Objectives: Chronic fracture pain (CFP) is a significant issue in patients with osteoporotic fractures (OFs) in convalescent rehabilitation wards (CRWs). This study aimed to examine the association between CFP and the Japanese short-form Central Sensitization Inventory (CSI-9) and verify the predictive validity of CSI-9 in patients with OF admitted to a CRW.
Methods: This single-center retrospective study included 71 patients with OF (median age: 85.3 years, 54 females). CFP was defined as pain of Numerical Rating Scale (NRS) score ≥4 persisting at discharge, despite >3 months post-fracture. Multiple logistic regression and receiver operating characteristic curve analyses were performed to assess the association and predictive validity of the CSI-9 for CFP.

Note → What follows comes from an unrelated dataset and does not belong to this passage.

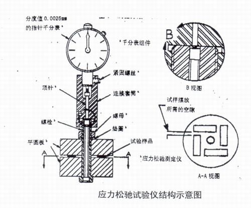 本试验机利用螺栓加载对夹在两圆板之间的垫片材料进行应力松弛试验。因此,这种测试方法更接近垫片材料的实际受力情况,仪器的结构如图所示。将待测试的垫片材料 (例如石棉橡胶板) 放置在两个圆形板之间。加载螺栓穿过两个圆板之间,拧紧加载螺栓压缩夹在圆板之间的样品,从而在垫片材料口形成一定的初始比压。经过一定时间后,初始压缩时的初始比压力会下降,并达到一定的比压力值,这就是垫片材料的蠕变松弛现象。材料的蠕变松弛性可以通过比较垫片材料的初始比压值和试验后的比压值的变化来评价。加载螺栓在圆形板和垫片材料上的压力由螺栓的力变形伸长率决定。为了测量螺栓的伸长率,加载螺栓将采用特殊的结构,即在螺栓的中心设置相对固定的心轴。螺栓在受力后被拉长,但内部心轴与螺栓主体分离,因此心轴不会变形和拉长。因此,螺栓的端面将与心轴有一定的相对位移。施加在螺栓上的力可以通过测量在螺栓受力之前和之后心轴的端面与螺栓的端面之间的移动距离来确定 (即,螺栓的伸长率) 通过安装在螺栓末端的千分表。螺栓载荷与伸长率成正比。因此,当螺栓载荷由于衬垫材料的蠕变而减小时,伸长量相应地减小。蠕变松弛率可以表示为:

Results: The incidence of CFP was 38.0%. CSI-9 was independently associated with CFP at admission (odds ratio = 1.12, 95% confidence interval [CI]: 1.01-1.24) and discharge (odds ratio = 1.15, 95% CI: 1.03-1.29). The area under the curve for the CSI-9 was 0.727 (95% CI: 0.605-0.850) at admission and 0.752 (95% CI: 0.637-0.867) at discharge, indicating fair predictive accuracy. The optimal cutoff values for the CSI-9 were 8 points at admission and 6 points at discharge.
Conclusions: CSI-9 was independently associated with CFP and demonstrated moderate predictive accuracy in patients with OF in CRWs. Assessing central sensitization-related symptoms using the CSI-9 may be useful for evaluating and preventing CFP in this population. Further validation using large-scale prospective studies is required.